What Would Show This Is Wrong
A narrative is not an excuse to stop being falsifiable, and the technical chapters carry the sharp tests in full; here is the honest short version, in plain terms. The framework would be in trouble if the brain’s “tuning forks” turned out to ring at any pitch with no preferred rungs, rather than clustering on the ladder’s spacing the way the grid-cell map and the cortical rhythms appear to. It would be in trouble if the hippocampus’s two stages did not carry opposite textures — if the “separate” stage (dentate gyrus) were no more distinct-making than the “bind” stage (CA3), the central wired-in-series claim collapses. And it would be in trouble if sleep’s replay-compression and the conversation’s turn-taking and the rest turned out to scale smoothly with no preferred steps at all. None of these would touch the framework’s hardest physics, but each would say the brain is not reading the substrate’s ladder the way the paper claims — and each is measurable with tools that already exist. That the same lock/anti-lock sign-rule keeps falling out of eye, cortex, hippocampus, and language, in tissues that share no chemistry, is either a deep unity or a coincidence the next round of measurement will dissolve. This chapter has bet, in plain language, on the unity.

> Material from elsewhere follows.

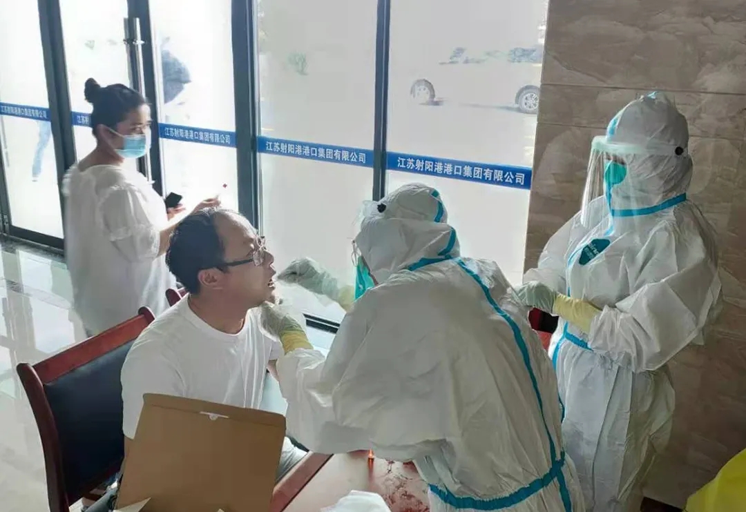 上午8時,射陽縣疾病預(yù)防控制中心醫(yī)務(wù)人員就已經(jīng)準(zhǔn)備就緒,穿上防護(hù)服,戴好護(hù)目鏡、口罩、手套,在射陽港區(qū)聯(lián)檢樓核酸檢測點開始為港區(qū)員工進(jìn)行核酸檢測。現(xiàn)場人員有序排隊,全程佩戴口罩,依次進(jìn)行檢測。截止中午12時,港區(qū)近300名員工全部完成核酸檢測。

Putting the Section in Context
A memory is a coherent shape the brain holds across time. The moment is captured as one bound pattern — a brain modon — already textured by the two jobs every sense organ performs, binding what belongs together and holding apart what must not be confused, the lock and anti-lock poles of the substrate ladder. The cortex reads that moment like a room of tuning forks of many lengths, decomposing the world into resonant modes laid out on orderly maps and corrected, moment by moment, against its own predictions. Short-term memory is the chord kept ringing on a slow rhythm; the hippocampus catches the chord and tags it, running the substrate’s two poles as two stages in series — separating each memory from its lookalikes before binding it into a recoverable whole. Sleep replays the day’s captured sequences fast and outward, teaching the slow cortex overnight until the memory is woven into the durable landscape of what you know. And recall is not read-out but re-resonance: a fragment dropped into an attractor that completes itself, ringing the whole shape back into being — which is why a hummed bar returns a song, why a word lands deeper than it says, and why a smell can summon a whole forgotten afternoon.

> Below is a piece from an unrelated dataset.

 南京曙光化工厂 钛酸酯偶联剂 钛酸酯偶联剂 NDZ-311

The prediction-engine chapter gave the cortex’s computation, the resonator-ODE chapter gave its equations, the hippocampal-modon chapter gave the memory machinery in technical detail, and the language chapter lifted the whole thing between two minds. This chapter has retold their shared story in the one register the others did not use — the plain one — for the reader who wants to understand memory before they study it. What it adds to the framework is not a new claim but a new door: the recognition that the substrate’s reading of memory can be told as a single human story, from a moment at a café to the smell that brings it back, and that the story holds together without a single equation — which is, in the end, the strongest sign that the picture underneath it is the right shape.